因为这款玩具操作系统将运行在intel平台之上,在此只对System V在Intel架构之上的ELF文件格式进行简要介绍。

假设现有kernel.c文件如下:

int main(){
    return 0xdead;
}

使用之前编译好的交叉编译工具对kernel.c文件进行编译,并生成kernel.o对象文件。具体编译指令为:i686-elf-gcc -std=gnu99 -ffreestanding -O2 -c kernel.c -o kernel.o

工具readelf可以查看ELF格式的文件内容。(注意,Mac不自带readelf工具,需要安装gnu的工具链,之前有过介绍)。

和所有文件格式一样,ELF格式文件最开始的若干字节为文件的魔数(magic number),用于描述文件格式。Header作为ELF格式文件的第一部分内容,从整体上描述了该ELF文件的内容。包含了此文件所对应的系统和硬件平台需求,以及Program Header Table/Section Header Table的概要信息(即如何找到这两个表格),以及其它的一些元信息。下图描述了a.out文件的Header信息

从上图中可以看出,由a.c文件所编译而来的a.out文件不是可执行文件,因此其并没有Program Header。相反,a.out文件使用几个section来描述其内容。

ELF文件中的Section Header Table描述了该文件中所有section的元信息,包括名称、类型、以及如果被加载到程序映像时的内存信息(地址、大小、权限等)等信息。

其中,所有预定义的section name都是以.开始。在ELF规范中预定了几个特殊的section,这里选几个常见的进行简要介绍。

  • .bss 未初始化数据
  • .data 已初始化的数据
  • .dynamic 动态链接信息
  • .strtab 字符串表
  • .symtab 符号表
  • .text 可执行代码

而System V进一步地定义了几个特殊的section。
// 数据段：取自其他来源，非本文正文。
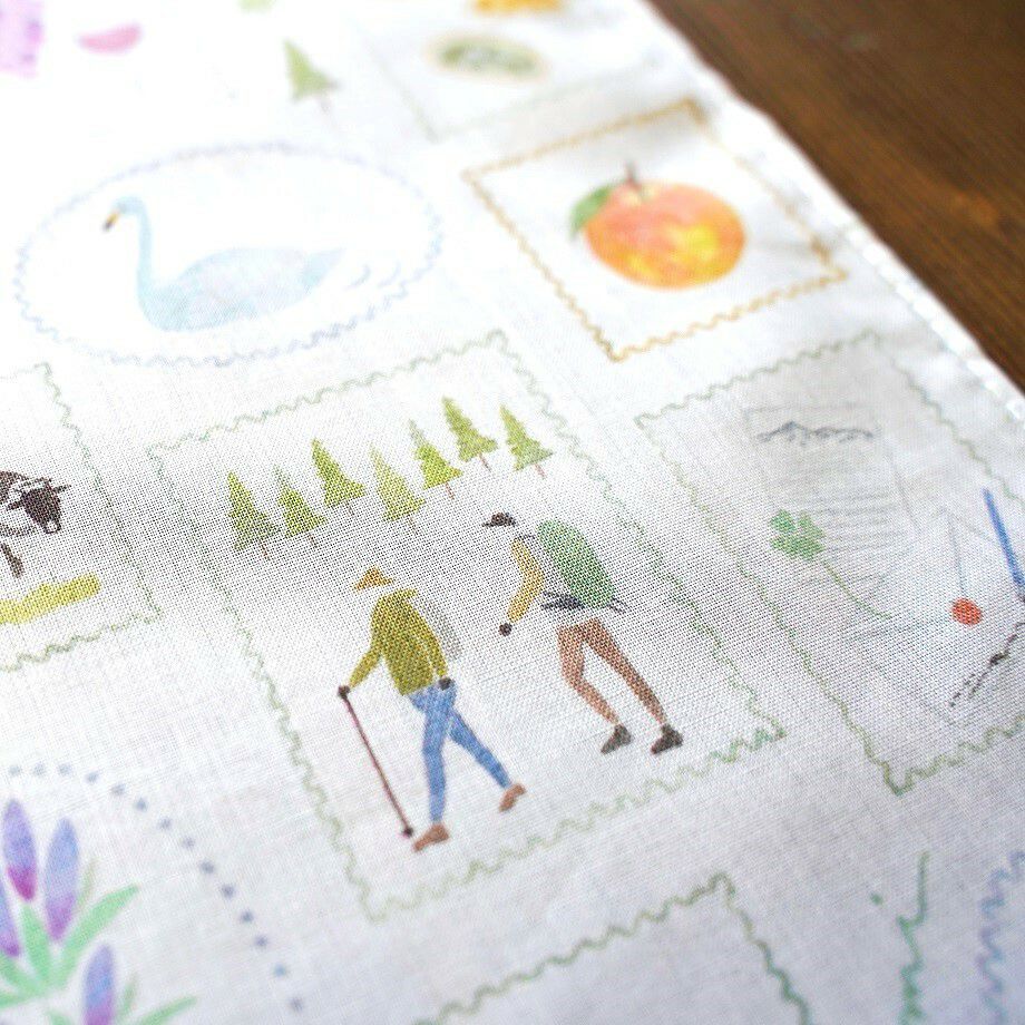 デザインは、長野県や松本市にちなんだモチーフを散りばめたもの。ライチョウやりんごなどの名物から、温泉の桶や喫茶店メニューまで様々な図案が優しい水彩で描かれています。是非ひとつひとつ探してみて下さいね。柔らかな手触りの大きめサイズハンカチ。お出かけのお供にいかがでしょうか。

这里只介绍两个我们需要关心的section:

  • .fini 程序终止时需要执行的代码
  • .init 程序初始化时需要执行的代码(一般情况下,是在main函数之前被执行的代码)
  • .relname 重定向信息,其中name为占位符。

下图描述了kernel.o文件中的section信息:

编译生成的kernel.o文件并不是一个可执行文件.它并没有一个Program Header Table,因此程序加载器也无法知道应该如何将文件加载到内存中以及如何将控制流传递给此文件所描述的程序。相反,它包含了关于如何重定向该文件的信息,如下图所示:

为了能让kernel.c所描述的程序能作为一个“内核”在bochs虚拟机上运行(通过grub加载),我们需要一个可执行的kernel文件。

下述代码所示的boot.s文件,主要是定义了能被grub识别的multi-boot信息,定义了_start函数。_start函数在会在调用kernel.c中的main函数之后进入死循环。通过命令i686-elf-as boot.s -o boot.o可将此汇编文件编译生成boot.o对象文件。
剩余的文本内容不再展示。